**The problem**.
Among the lines below, a stretch begins at the one with "表情をつけるコルセットデザインのキャミソール" and ends at the one with "Το ΔΗ.ΠΕ.ΘΕ. Αγρινίου". Repeat that stretch exactly, ends included.

**Input**.
....................
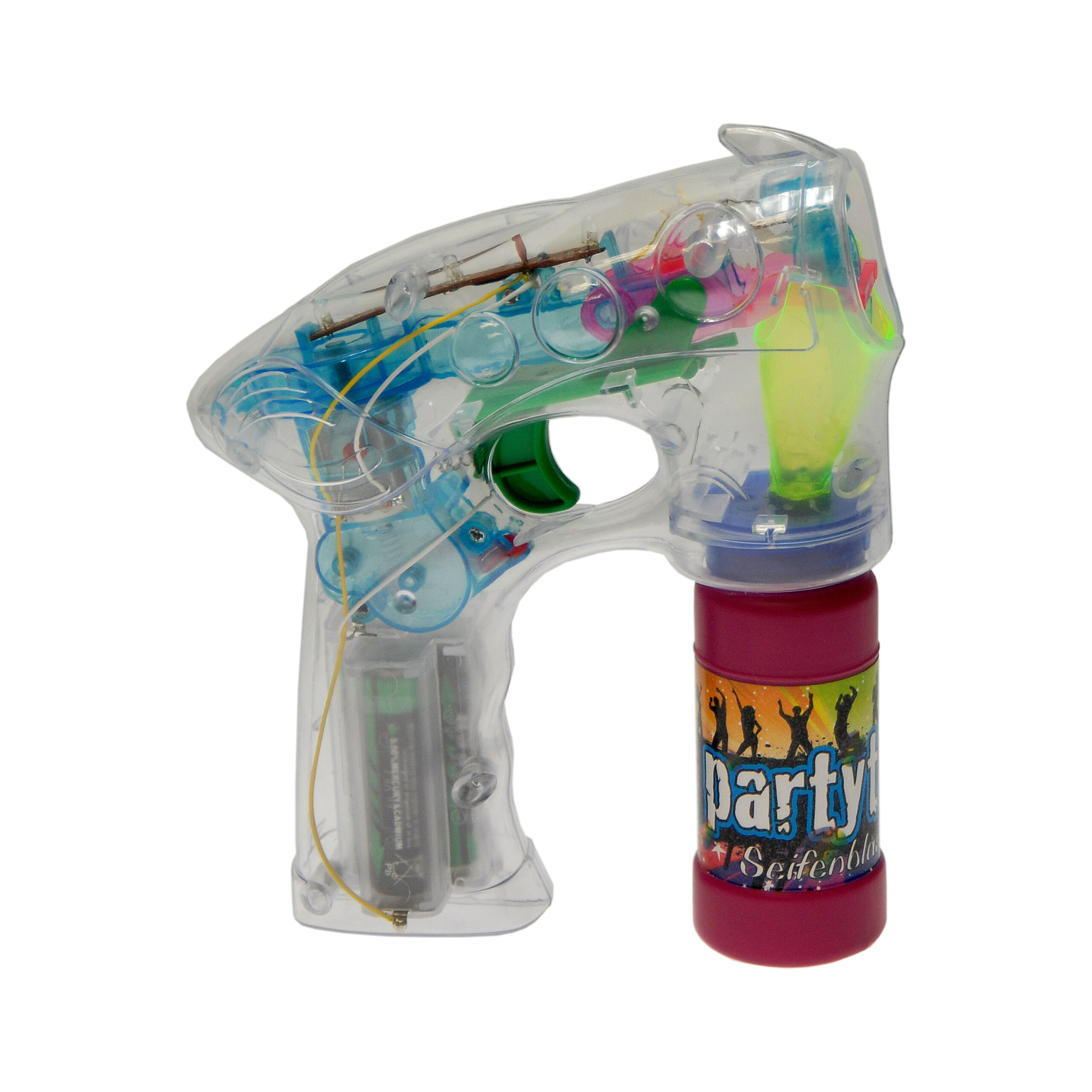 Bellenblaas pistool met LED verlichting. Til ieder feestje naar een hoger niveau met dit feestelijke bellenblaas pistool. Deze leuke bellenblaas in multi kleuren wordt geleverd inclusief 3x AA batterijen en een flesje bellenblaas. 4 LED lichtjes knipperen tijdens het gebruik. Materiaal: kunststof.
....................
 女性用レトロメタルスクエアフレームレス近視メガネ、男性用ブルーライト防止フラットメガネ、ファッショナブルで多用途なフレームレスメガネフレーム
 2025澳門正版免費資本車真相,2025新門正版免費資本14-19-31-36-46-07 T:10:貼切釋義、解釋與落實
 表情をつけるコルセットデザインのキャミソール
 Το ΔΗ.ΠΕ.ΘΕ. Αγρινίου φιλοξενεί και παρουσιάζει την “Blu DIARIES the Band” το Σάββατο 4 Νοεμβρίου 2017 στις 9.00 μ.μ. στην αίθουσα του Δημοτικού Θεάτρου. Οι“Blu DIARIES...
....................
**Your solution**.
 表情をつけるコルセットデザインのキャミソール
 Το ΔΗ.ΠΕ.ΘΕ. Αγρινίου φιλοξενεί και παρουσιάζει την “Blu DIARIES the Band” το Σάββατο 4 Νοεμβρίου 2017 στις 9.00 μ.μ. στην αίθουσα του Δημοτικού Θεάτρου. Οι“Blu DIARIES...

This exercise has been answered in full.